Anekdoten eines Bilderbuch-Tierarztes in Euerdorf
Autor: Doris Bauer
Euerdorf, Montag, 22. Oktober 2018
Lebendig und humorvoll trug der Sohn des bekannten Tierarztes Dr. Gerhard Parrisius aus den Buch seines Vaters Geschichten in Euerdorf vor.
Der Name Dr. Gerhard Parrisius ließ viele Interessierte aus Euerdorf, Sulzthal, Wirmsthal, Ramsthal und anderen umliegenden Gemeinden auch noch nach etwa 45 Jahren hellhörig werden. Knapp 100 Zuhörer folgten der Einladung der Freunde des Museums in den Zehntkeller in Euerdorf zu einer Veranstaltung, in der Dr. Ralph Parrisius, Veterinär wie sein Vater, aus dem Buch seines Vaters einige interessante und meist auch humorvolle Kapitel vortrug.
Brillanter Unterhalter
Die meisten Gäste hatten diesen legendären Tierarzt in den 1950er oder 1960er Jahren persönlich kennengelernt, der bei den Landwirten die Kühe künstlich besamte, kalbenden Kühen bei der Geburt half, Ferkel kastrierte oder Schweine impfte. Er kam auch bei Hausschlachtungen zur Fleischbeschau ins Haus oder behandelte gegebenenfalls auch einmal einen Hund oder eine Katze aufgrund einer Erkrankung oder eines Unfalls. In den Gastwirtschaften war er als brillanter Unterhalter oder scharfsinniger Kartler geachtet.
Dr. Gerhard Parrisius seinerseits hatte auf jeden Fall die Menschen in den Dörfern des östlichen Landkreises Hammelburg schätzen gelernt. Die Begegnungen und zahlreichen Gespräche hatten ihn bald dazugehören lassen, und er hatte sich hier richtig wohl gefühlt. Sein besonderes Verhältnis zur Bevölkerung und zu den Tieren hatten ihm vielerlei Erlebnisse, gebracht, die er in seinem Buch "Adu Siegfried - Erinnerungen eines Landtierarztes" niederschrieb, das er 1992 herausgab und seiner Ehefrau Inge widmete.

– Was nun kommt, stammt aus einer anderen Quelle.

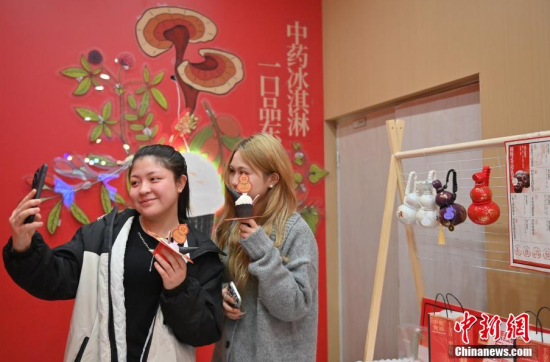 3月12日,在長春一家商場(chǎng)的中藥甜品店,工作人員在舀取中藥冰淇淋。這家中藥甜品店將刺五加、人參、靈芝等中藥與傳統(tǒng)甜品相結(jié)合,推出了中藥冰淇淋、中藥茶飲等產(chǎn)品,吸引大量民眾體驗(yàn)。(中新社記者 張瑤/攝)

Dieses Buch war das Thema des Abends.
Sechs Zwillingslämmer vergrößern Familie
Doktor Ralph Parrisius, aufgewachsen in Euerdorf und jetzt wohnhaft in Baden-Baden, erklärte sich spontan bereit, zu diesem Anlass zusammen mit seiner Frau Susanne anzureisen. Er trug in gekonnter Weise einige Kapitel dieses Buchs vor und fügte an passender Stelle immer wieder eigene Erfahrungen oder erklärende Ergänzungen ein. So erfuhren die gespannten Zuhörer zum Beispiel, dass die drei Tierarztkinder vom Besuch einer Schäferei insgesamt sechs Zwillingslämmer mit nach Hause brachten, die eigentlich geschlachtet werden sollten, um sie fortan als weitere Mitglieder ihrer "Tierfamilie" zu haben. Dass sie damit ihrer Mutter eine gewichtige Mehrarbeit aufbürdeten, war den Dreien damals nicht so klar.
Wie ein bauernschlauer Viehzüchter einem zahlungssäumigen Metzger das Geld aus der Tasche zog, erfuhren die Zuhörer in einem weiteren Kapitel, oder auch, wie die Wette zweier Pferdebesitzer ausging, ob die zwei rheinischen Kaltblüter wirklich stärker waren als die schlesische Warmblutstute.
Kuhhandel
Dass sich der Tierarzt auch selbst eine gewisse Bauernschläue aneignen musste, um nicht übers Ohr geschlagen zu werden, trug Parrisius junior in einem weiteren Abschnitt vor. So hatte ein Bauer seinem Vater zwei Mal "die mittlere" Kuh kostenlos nachbesamen lassen, da sie angeblich nicht trächtig geworden war, aber nach einem knappen Jahr drei Kälbchen verkauft. So stellte der Tierarzt dann eine Rechnung für das Impfen zweier Kälber aus, die der Bauer eigentlich gar nicht haben konnte - und bekam prompt sein Geld.
All diese Geschichten waren in sehr feinfühliger Sprache verfasst und wurden lebendig und humorvoll unter dem Applaus der Zuhörer vorgetragen. In den Pausen unterhielt der Pianist Ralf Meyer-Natus mit jazzigen Melodien, während an den Tischen Gespräche über das gerade Gehörte geführt wurden.